• [Input records]:
:::

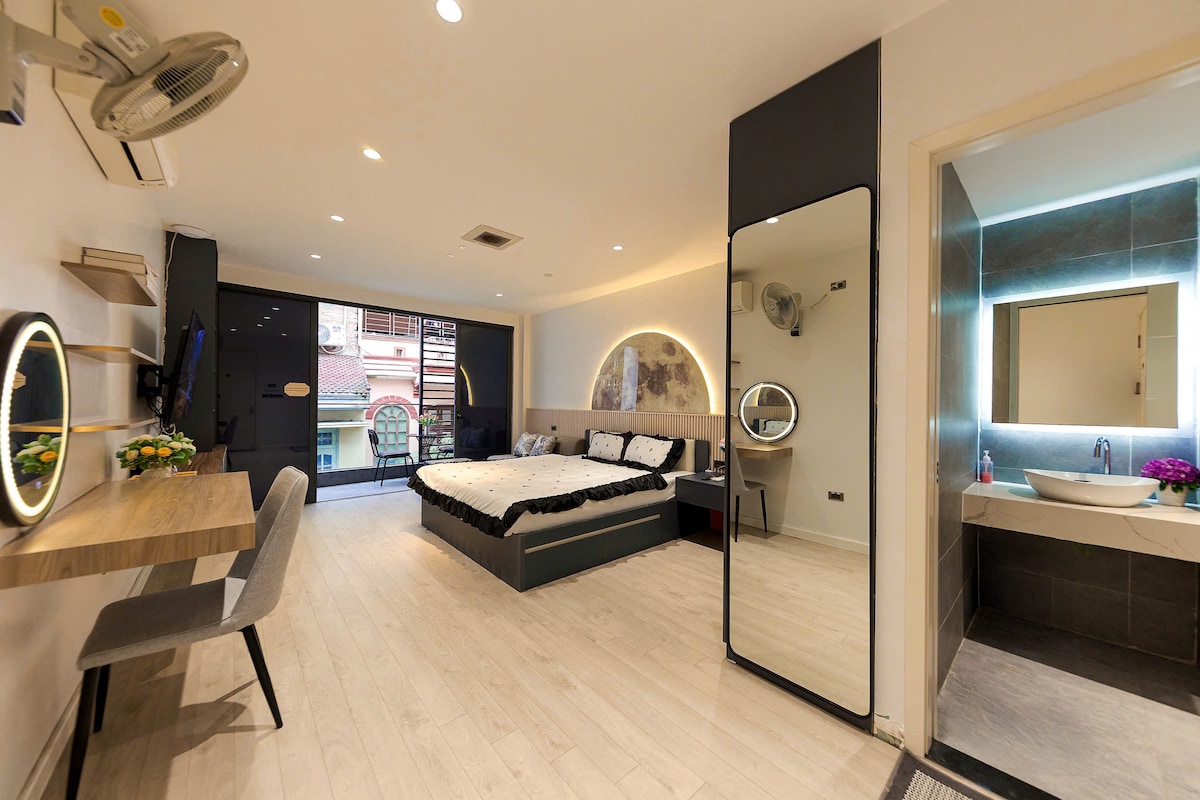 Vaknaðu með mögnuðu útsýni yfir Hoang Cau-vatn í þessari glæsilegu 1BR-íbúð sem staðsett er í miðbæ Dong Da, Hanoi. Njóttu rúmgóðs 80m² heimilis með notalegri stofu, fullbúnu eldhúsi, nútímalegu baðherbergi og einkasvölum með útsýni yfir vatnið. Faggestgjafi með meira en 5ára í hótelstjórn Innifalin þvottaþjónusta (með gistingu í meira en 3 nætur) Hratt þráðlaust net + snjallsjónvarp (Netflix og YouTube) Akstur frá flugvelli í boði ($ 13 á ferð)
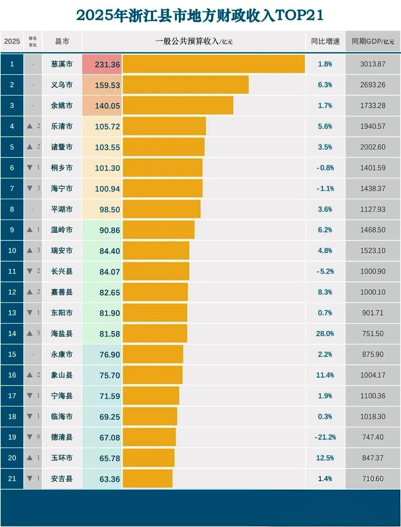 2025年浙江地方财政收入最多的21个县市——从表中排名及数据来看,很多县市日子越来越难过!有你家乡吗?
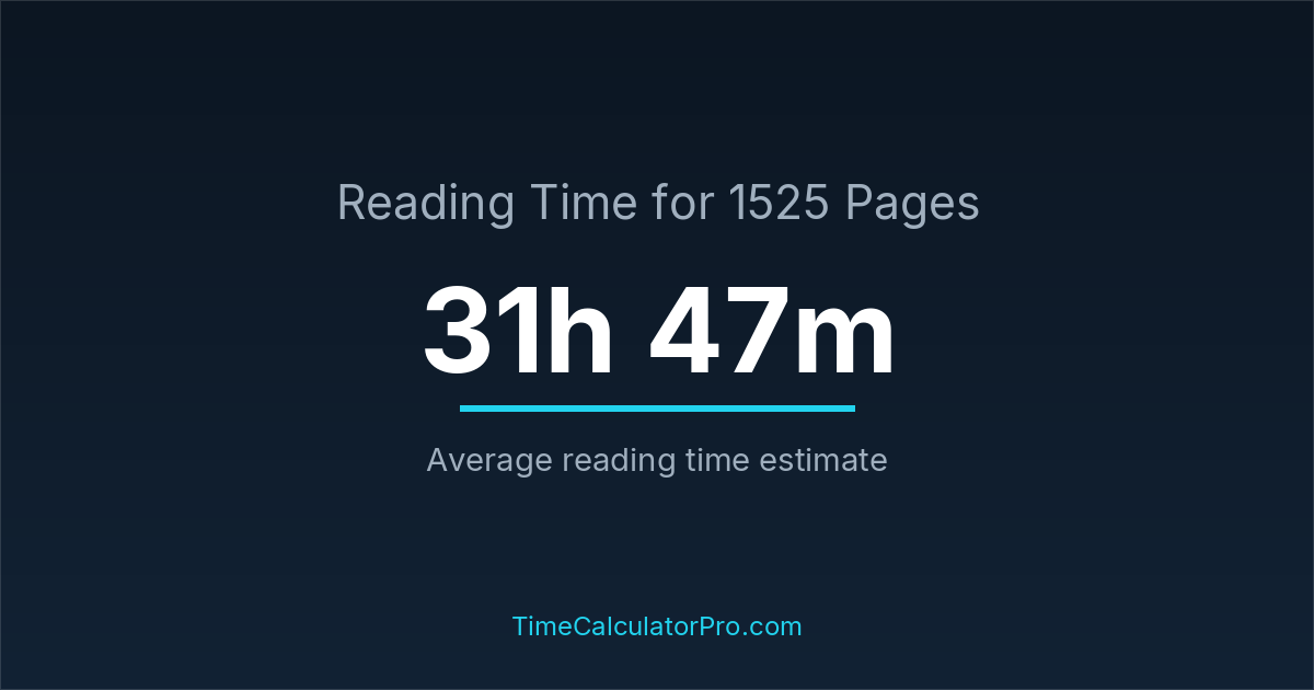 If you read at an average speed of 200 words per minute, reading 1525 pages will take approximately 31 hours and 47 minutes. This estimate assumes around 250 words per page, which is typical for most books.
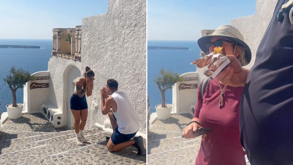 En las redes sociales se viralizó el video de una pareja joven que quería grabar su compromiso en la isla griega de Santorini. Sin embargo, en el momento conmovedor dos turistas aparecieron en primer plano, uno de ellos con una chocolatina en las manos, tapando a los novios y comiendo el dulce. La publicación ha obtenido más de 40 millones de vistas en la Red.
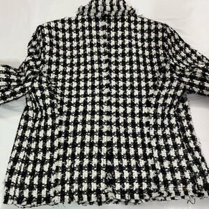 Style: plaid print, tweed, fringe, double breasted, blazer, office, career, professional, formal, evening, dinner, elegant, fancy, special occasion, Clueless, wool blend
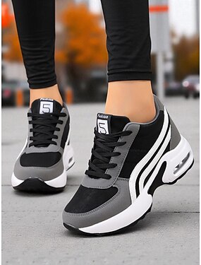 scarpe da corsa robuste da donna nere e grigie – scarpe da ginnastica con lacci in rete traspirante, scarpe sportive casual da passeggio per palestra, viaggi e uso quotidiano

:::

• [What is expected]: The result is an exact copy of the lines from the one holding "En las redes" through the final line of the data above, both ends included, minus the pictures.

• [Written solution]:
 En las redes sociales se viralizó el video de una pareja joven que quería grabar su compromiso en la isla griega de Santorini. Sin embargo, en el momento conmovedor dos turistas aparecieron en primer plano, uno de ellos con una chocolatina en las manos, tapando a los novios y comiendo el dulce. La publicación ha obtenido más de 40 millones de vistas en la Red.
 Style: plaid print, tweed, fringe, double breasted, blazer, office, career, professional, formal, evening, dinner, elegant, fancy, special occasion, Clueless, wool blend
 scarpe da corsa robuste da donna nere e grigie – scarpe da ginnastica con lacci in rete traspirante, scarpe sportive casual da passeggio per palestra, viaggi e uso quotidiano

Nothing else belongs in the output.